What this task involves:
The output should hold exactly, and only, the lines from the line bearing "Unique Bargains Summer" through the last line of the listing below, and no pictures.

START Records for this task

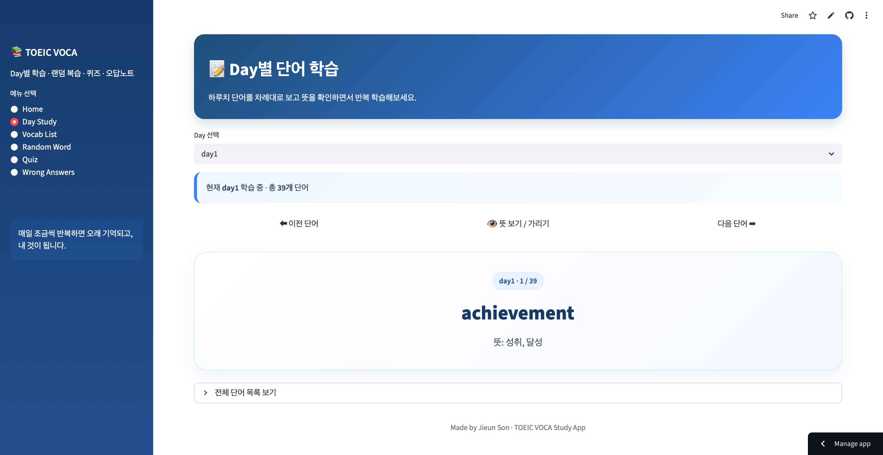 Streamlit으로 만든 TOEIC VOCA 학습 웹 앱 (Python 개인 미니 프로젝트)
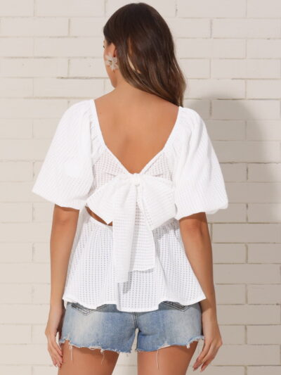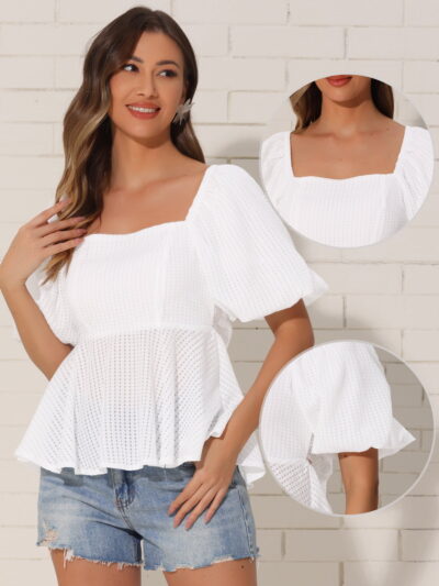Unique Bargains Summer Tops for Women’s Square Neck Short Sleeve Blouse XL White
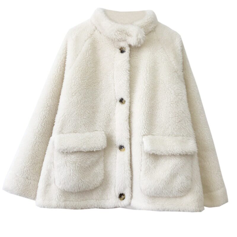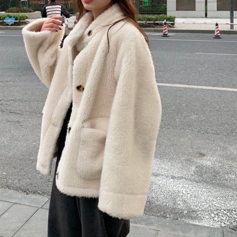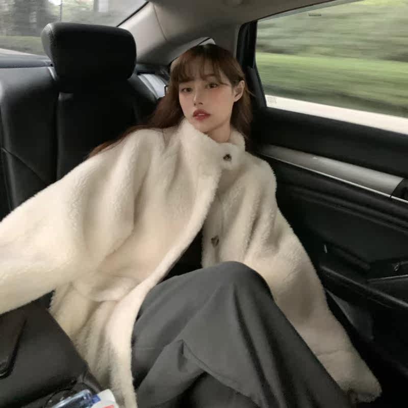 celine pianna white lamb wool coat female winter Korean version loose fashion thickened plush blouse
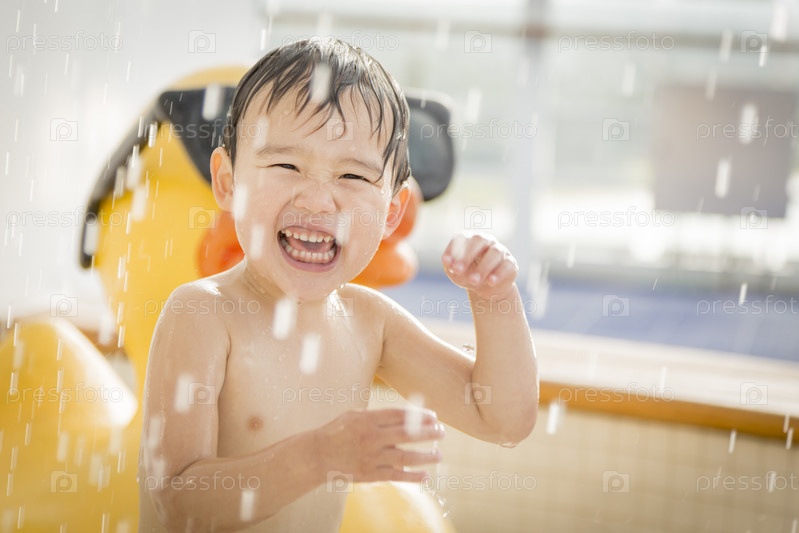 Мальчик смешанной расы в водном парке
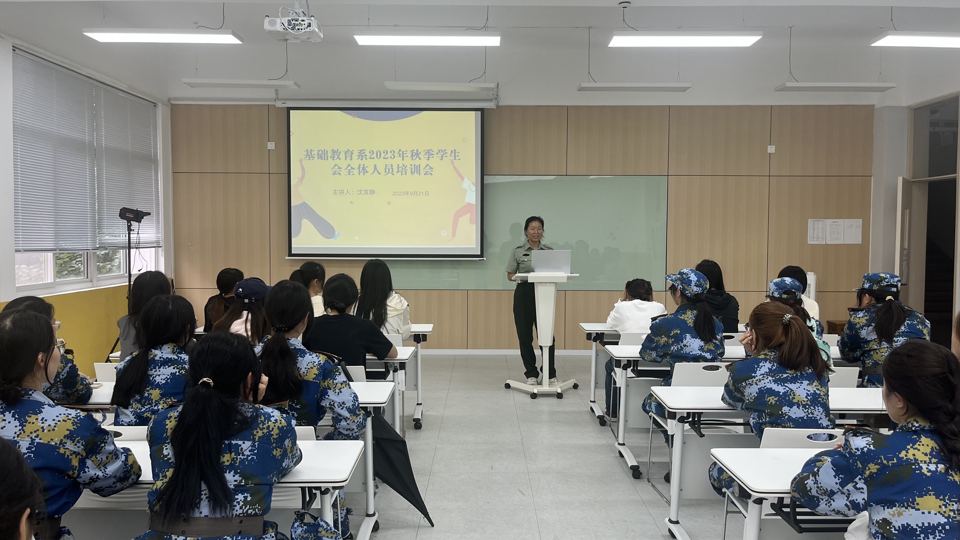 为进一步落实系学生会各自部门工作职责,加强学生干部队伍建设,更好地服务师生,树立良好形象,提升学生干部的学习能力和工作技能。基础教育系学生会于2023年9月21日在9205教室举行了秋季学生会工作培训会。本次培训由辅导员沈言静老师主持,基础教育系学生会全体人员出席本次会议。
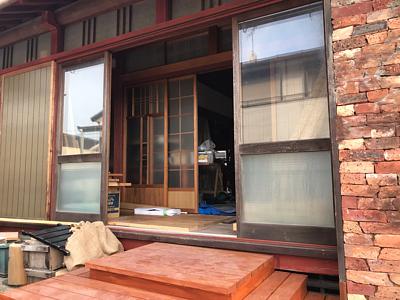 空き家だったお家の縁側にアンティークドア

END Records for this task

Completed task:
Unique Bargains Summer Tops for Women’s Square Neck Short Sleeve Blouse XL White
 celine pianna white lamb wool coat female winter Korean version loose fashion thickened plush blouse
 Мальчик смешанной расы в водном парке
 为进一步落实系学生会各自部门工作职责,加强学生干部队伍建设,更好地服务师生,树立良好形象,提升学生干部的学习能力和工作技能。基础教育系学生会于2023年9月21日在9205教室举行了秋季学生会工作培训会。本次培训由辅导员沈言静老师主持,基础教育系学生会全体人员出席本次会议。
 空き家だったお家の縁側にアンティークドア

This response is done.